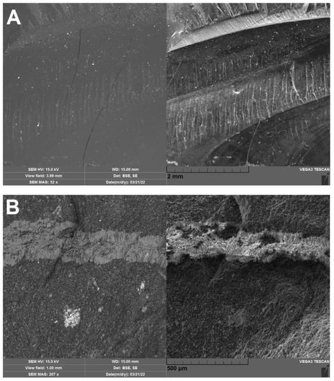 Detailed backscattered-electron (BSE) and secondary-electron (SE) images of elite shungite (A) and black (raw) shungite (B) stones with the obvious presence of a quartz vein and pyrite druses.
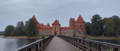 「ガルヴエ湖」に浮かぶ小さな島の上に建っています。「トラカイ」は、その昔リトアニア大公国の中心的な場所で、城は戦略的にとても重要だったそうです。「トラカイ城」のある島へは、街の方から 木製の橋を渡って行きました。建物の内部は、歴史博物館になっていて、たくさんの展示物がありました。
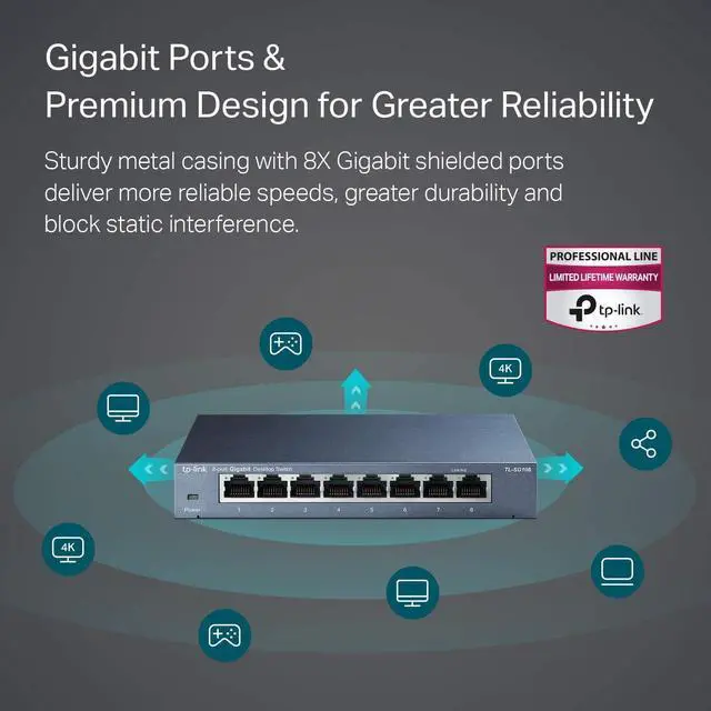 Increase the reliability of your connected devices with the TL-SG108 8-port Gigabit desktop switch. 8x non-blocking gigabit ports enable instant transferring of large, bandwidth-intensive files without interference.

...

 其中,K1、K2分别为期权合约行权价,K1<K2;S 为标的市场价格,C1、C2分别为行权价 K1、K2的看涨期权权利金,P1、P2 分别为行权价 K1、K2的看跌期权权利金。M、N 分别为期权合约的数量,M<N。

- [Work required]
From the records above, output only the lines starting at the one containing "Detailed backscattered-electron (BSE)" and ending at the one containing "Increase the reliability", word for word. Pictures stay out.

- [Your response]
 Detailed backscattered-electron (BSE) and secondary-electron (SE) images of elite shungite (A) and black (raw) shungite (B) stones with the obvious presence of a quartz vein and pyrite druses.
 「ガルヴエ湖」に浮かぶ小さな島の上に建っています。「トラカイ」は、その昔リトアニア大公国の中心的な場所で、城は戦略的にとても重要だったそうです。「トラカイ城」のある島へは、街の方から 木製の橋を渡って行きました。建物の内部は、歴史博物館になっていて、たくさんの展示物がありました。
 Increase the reliability of your connected devices with the TL-SG108 8-port Gigabit desktop switch. 8x non-blocking gigabit ports enable instant transferring of large, bandwidth-intensive files without interference.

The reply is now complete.